Now you can ask the index to analyze any text, feel free to change the text

In [17]:
res = ind.analyze(body={'analyzer':'default', 'text':u'my taylor 4ís was% &printing printed rich the.'})
for r in res['tokens']:
    print(r)

{'token': 'my', 'start_offset': 0, 'end_offset': 2, 'type': 'word', 'position': 0}
{'token': 'taylor', 'start_offset': 3, 'end_offset': 9, 'type': 'word', 'position': 1}
{'token': 'print', 'start_offset': 20, 'end_offset': 28, 'type': 'word', 'position': 4}
{'token': 'print', 'start_offset': 29, 'end_offset': 36, 'type': 'word', 'position': 5}
{'token': 'rich', 'start_offset': 37, 'end_offset': 41, 'type': 'word', 'position': 6}


Now **follow the instructions** of the documentation, index the documents from the previous session using the script 'IndexFilesPreprocess.py' and use the script 'CountWords.py' from the previous session to see how the set of tokens change.

***

## 2. The index reloaded

You can use the modified indexer ```IndexFilesPreprocess.py``` script to play with the different possibilities for the preprocessing pipeline.

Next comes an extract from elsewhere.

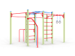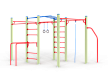 Спортивный комплекс оборудован рукоходом изогнутым, шведскими стенками, брусьями изогнутыми, кольцам гимнастическими, канатом, перекладинами, стойкой упорной.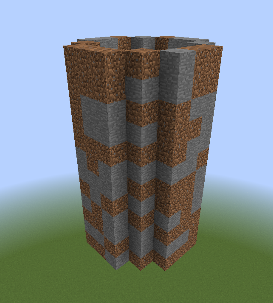 For example, //hcyl stone,dirt 3 12 will create a hollow cylinder of stone and dirt with a radius of 3 and a height of 12.

You can change the **tokenizer** and apply different processes to the tokens like lowercasing, asccii folding, removing stopwords and different stemming algorithms.

***

## 3. Computing *Tf-Idf* and Cosine similarity

Now is your turn to work in the session task.

The idea is to program a script that given two document paths obtains their ids, computes the *Tf-Idf* representation of the documents and then computes and prints their cosine similarity.

**Follow the instructions** in the documentation and **pay attention** to the documentation that you have to deliver for this session.